*** Opening of Data extract ***

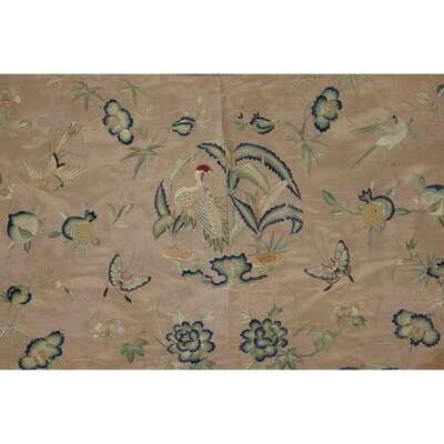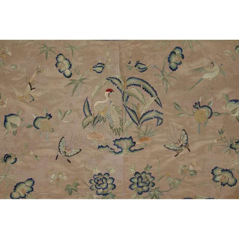 Embroidered with crane and lingzhi roundels, floral sprays and butterflies, on a silk brocade ground figured with auspicious fruits and flowers.
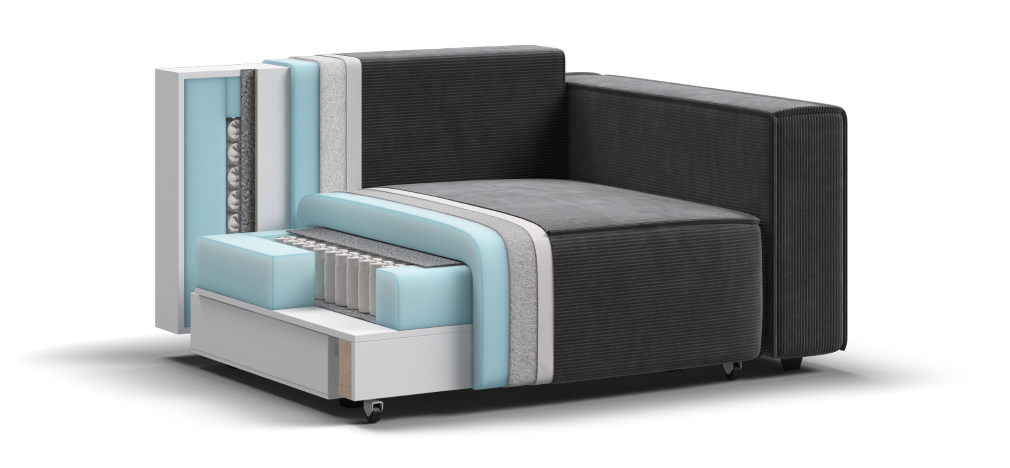 BOSS SOFT Modool – Модульная система в стиле лофт. Сочетание надежности, стиля и функциональности. Суперудобная глубокая посадка и высокоэластичная пена с дополнительным слоем PERIOTEK создадут максимальный комфорт во время отдыха.Широкие прямоугольные подлокотники, строгая симметрия и минималистичная отделка идеально дополнит современный интерьер Вашей гостиной.Модульная система позволит создать любую комбинацию от уютного кресла до огромного дивана для большой компании.Простой и надежный механизм еврокнижка с легкостью превратит модульную систему в комфортное спальное место.
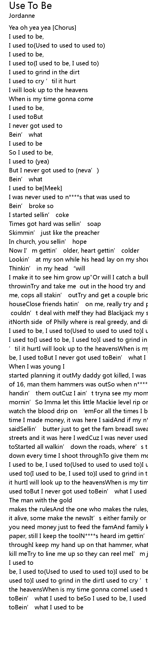 | I make it to see him grow up" Or will I catch a bullet from some these n s throwinTry and take me out in the hood try and make it outN s plotting on me, cops all stakin' outTry and get a couple bricks so I could make a houseClose friends hatin' on me, really try and play me outDamn, but n s couldn' t deal with meIf they had Blackjack my shooters would still hit itNorth side of Philly where is real greedy, and dirty atWhere everyday they murder at Chorus I used to be, I used to Used to used to used to I used to be, I used to I used to be, I used to I used to grind in the dirtI used to cry ' til it hurtI will look up to the heavensWhen is my time gonna comeI used to be, I used toBut I never got used toBein' what I used to beSo I used to be, I used toBut I never got used toBein' what I used to be Meek When I was young I started planning it outMy daddy got killed, I was the man of the houseBy the age of 16, man them hammers was outSo when n s tryin' to hit me, I' m just handin' them outCuz I ain' t tryna see my mom cryin' and my sis' mornin' So Imma let this little Mackie level rip on ' emLouis Vuitton sneaks, watch the blood drip on ' emFor all the times I bled, the tears I shedEvery time I made money, it was here I saidAnd if my n s ask for it was " yea" I saidSellin' butter just to get the fam breadI swear I got married to the streets and it was here I wedCuz I was never used to bein' what I used toStarted all walkin' down the roads, where' s the coop toImma let the top down every time I shoot throughTo give them motivation even though I know they hatin chorus I used to be, I used to Used to used to used to I used to be, I used to I used to be, I used to I used to grind in the dirtI used to cry ' til it hurtI will look up to the heavensWhen is my time gonna comeI used to be, I used toBut I never got used toBein' what I used to beSo I used to be, I used toBut I never got used toBein' what I used to be Meek The man with the gold makes the rulesAnd the one who makes the rules, break the rulesSome n s make it alive, some make the newsIt' s either family or money, I hate to chooseCuz you need money just to feed the famAnd family keep you coolGot n a on the paper, still I keep the toolN s heard im gettin' money so they creepin' throughI keep my hand up on that hammer, what' s for me to doLet these n s kill meTry to line me up so they can reel meI' m just givin' you the real meStarted with a dollar, now I got it and I' m filthyN a! chorus I used to be, I used to Used to used to used to I used to be, I used to I used to be, I used to I used to grind in the dirtI used to cry ' til it hurtI will look up to the heavensWhen is my time gonna comeI used to be, I used toBut I never got used toBein' what I used to beSo I used to be, I used toBut I never got used toBein' what I used to be |

*** Close of Data extract ***

_Task item_: Write the listing above out again word for word, excluding all images.

_Solution to this problem_:
 Embroidered with crane and lingzhi roundels, floral sprays and butterflies, on a silk brocade ground figured with auspicious fruits and flowers.
 BOSS SOFT Modool – Модульная система в стиле лофт. Сочетание надежности, стиля и функциональности. Суперудобная глубокая посадка и высокоэластичная пена с дополнительным слоем PERIOTEK создадут максимальный комфорт во время отдыха.Широкие прямоугольные подлокотники, строгая симметрия и минималистичная отделка идеально дополнит современный интерьер Вашей гостиной.Модульная система позволит создать любую комбинацию от уютного кресла до огромного дивана для большой компании.Простой и надежный механизм еврокнижка с легкостью превратит модульную систему в комфортное спальное место.
 | I make it to see him grow up" Or will I catch a bullet from some these n s throwinTry and take me out in the hood try and make it outN s plotting on me, cops all stakin' outTry and get a couple bricks so I could make a houseClose friends hatin' on me, really try and play me outDamn, but n s couldn' t deal with meIf they had Blackjack my shooters would still hit itNorth side of Philly where is real greedy, and dirty atWhere everyday they murder at Chorus I used to be, I used to Used to used to used to I used to be, I used to I used to be, I used to I used to grind in the dirtI used to cry ' til it hurtI will look up to the heavensWhen is my time gonna comeI used to be, I used toBut I never got used toBein' what I used to beSo I used to be, I used toBut I never got used toBein' what I used to be Meek When I was young I started planning it outMy daddy got killed, I was the man of the houseBy the age of 16, man them hammers was outSo when n s tryin' to hit me, I' m just handin' them outCuz I ain' t tryna see my mom cryin' and my sis' mornin' So Imma let this little Mackie level rip on ' emLouis Vuitton sneaks, watch the blood drip on ' emFor all the times I bled, the tears I shedEvery time I made money, it was here I saidAnd if my n s ask for it was " yea" I saidSellin' butter just to get the fam breadI swear I got married to the streets and it was here I wedCuz I was never used to bein' what I used toStarted all walkin' down the roads, where' s the coop toImma let the top down every time I shoot throughTo give them motivation even though I know they hatin chorus I used to be, I used to Used to used to used to I used to be, I used to I used to be, I used to I used to grind in the dirtI used to cry ' til it hurtI will look up to the heavensWhen is my time gonna comeI used to be, I used toBut I never got used toBein' what I used to beSo I used to be, I used toBut I never got used toBein' what I used to be Meek The man with the gold makes the rulesAnd the one who makes the rules, break the rulesSome n s make it alive, some make the newsIt' s either family or money, I hate to chooseCuz you need money just to feed the famAnd family keep you coolGot n a on the paper, still I keep the toolN s heard im gettin' money so they creepin' throughI keep my hand up on that hammer, what' s for me to doLet these n s kill meTry to line me up so they can reel meI' m just givin' you the real meStarted with a dollar, now I got it and I' m filthyN a! chorus I used to be, I used to Used to used to used to I used to be, I used to I used to be, I used to I used to grind in the dirtI used to cry ' til it hurtI will look up to the heavensWhen is my time gonna comeI used to be, I used toBut I never got used toBein' what I used to beSo I used to be, I used toBut I never got used toBein' what I used to be |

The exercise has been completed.